You’ll note that we removed fill="blue" from geom_col() and put fill=year into the aes function within the ggplot function call. In this example, year is a continuous variable so we get a gradient of blues. Later we’ll see how this changes when the variable is a categorical variable.

Exercises

1. What aesthetic values are available for use with geom_point and geom_col?

geom_point and geom_col both use:

  • x
  • y
  • alpha
  • colour / color
  • fill
  • group
  • linetype
  • size

geom_point also can use:

  • shape
  • stroke

geom_col also can use:

  • linetype

x and y are required for both

2. Can you see a difference between geom_line, geom_path, and geom_step?
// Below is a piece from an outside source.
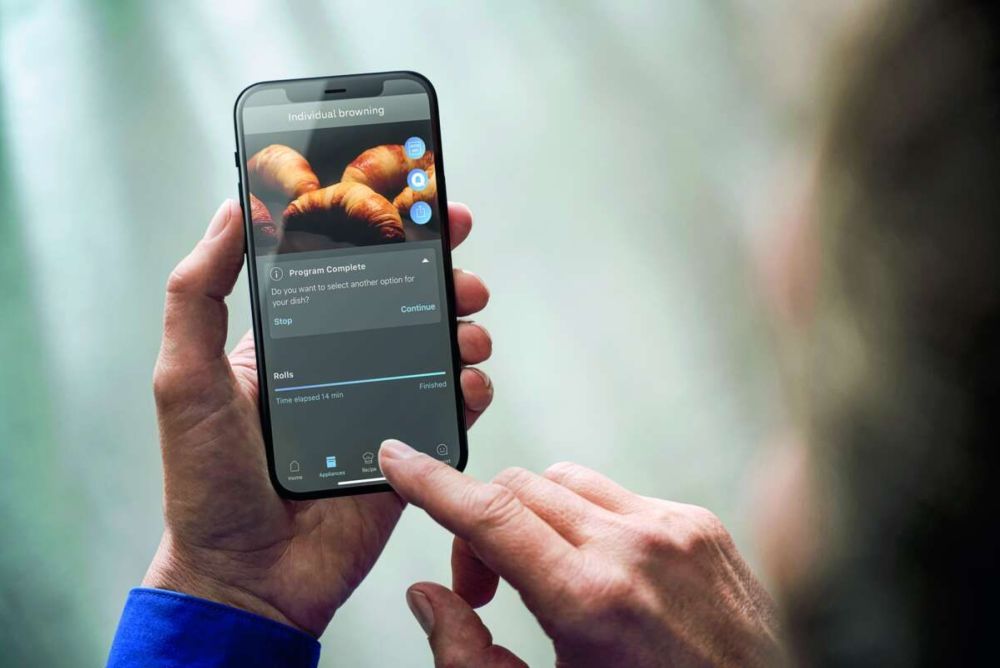 Der Studioline-Backofen mit Bräunungssensor passt den Bräunungsgrad von Gerichten wie Brot, Pizza und Auflauf an die Vorlieben seiner Nutzer an. Mittels einer Skala von 1 bis 5 sagen diese dem Ofen einfach vor dem Start, wie hell oder dunkel das Gericht werden soll. Dieser kombiniert nun die Informationen der integrierten Backofenkamera mit intelligenten Algorithmen und stimmt das Ergebnis auf die Wünsche ab. Sobald der gewünschte Bräunungsgrad erreicht ist, schaltet der Backofen ab und sendet eine Push-Nachricht via Home-Connect-App auf das Smartphone oder Tablet.

Why might you not see a difference between the output for geom_line and geom_path?

  • geom_path connects the points in the order they are provided while geom_line plots them in the order of the x-axis variable. If data are already in the “correct” order then the two geom’s might provide the same output
  • geom_step plots the data as stair steps instead of with straight lines

3. What does alpha do? Can you imagine a time that it might be useful to use?
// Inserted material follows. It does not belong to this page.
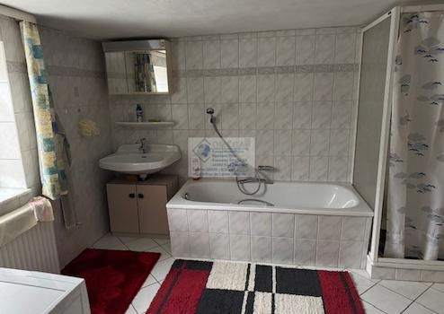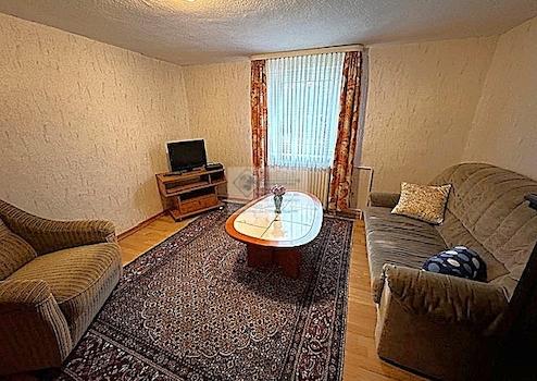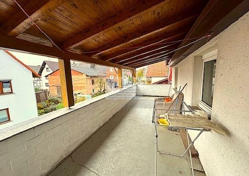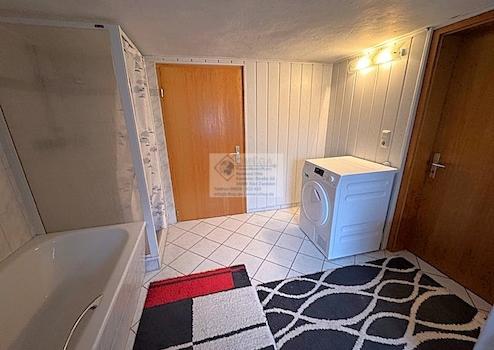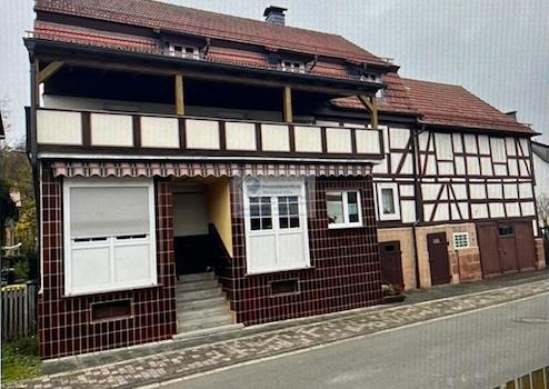 Dieses Fachwerkhaus mit Nebengebäude wurde ca. 1850 erbaut und durch zwei Anbauten ca.1920 und 1958 erweitert. Auf ca. 160 m² Wohnfläche befinden sich im Erdgeschoss, eine Küche, ein Esszimmer, ein Büro, ein Wohnzimmer, ein WC und ein ehemaliger Laden. Im Obergeschoss findet man drei Zimmer, ein Bad, ein WC, einen Abstellraum sowie einen großen überdachten Balkon vor.

  • It controls the transparency of the plotting object. If you have alpha=0.25 then it will be its full color if 4 points with the same alpha overlap.
  • It is useful when there is a concern with over plotting like in a dense scatter plot

4. What happens if we use color="blue" rather than fill="blue" as a geom_col argument? Try using both arguments, but so that color and fill have different values

It will make the outline of the bar blue rather than the interior of the column

5. What happens when you try to map the year to the shape aesthetic when using geom_point? Can you find another aesthetic to map to the year that will work?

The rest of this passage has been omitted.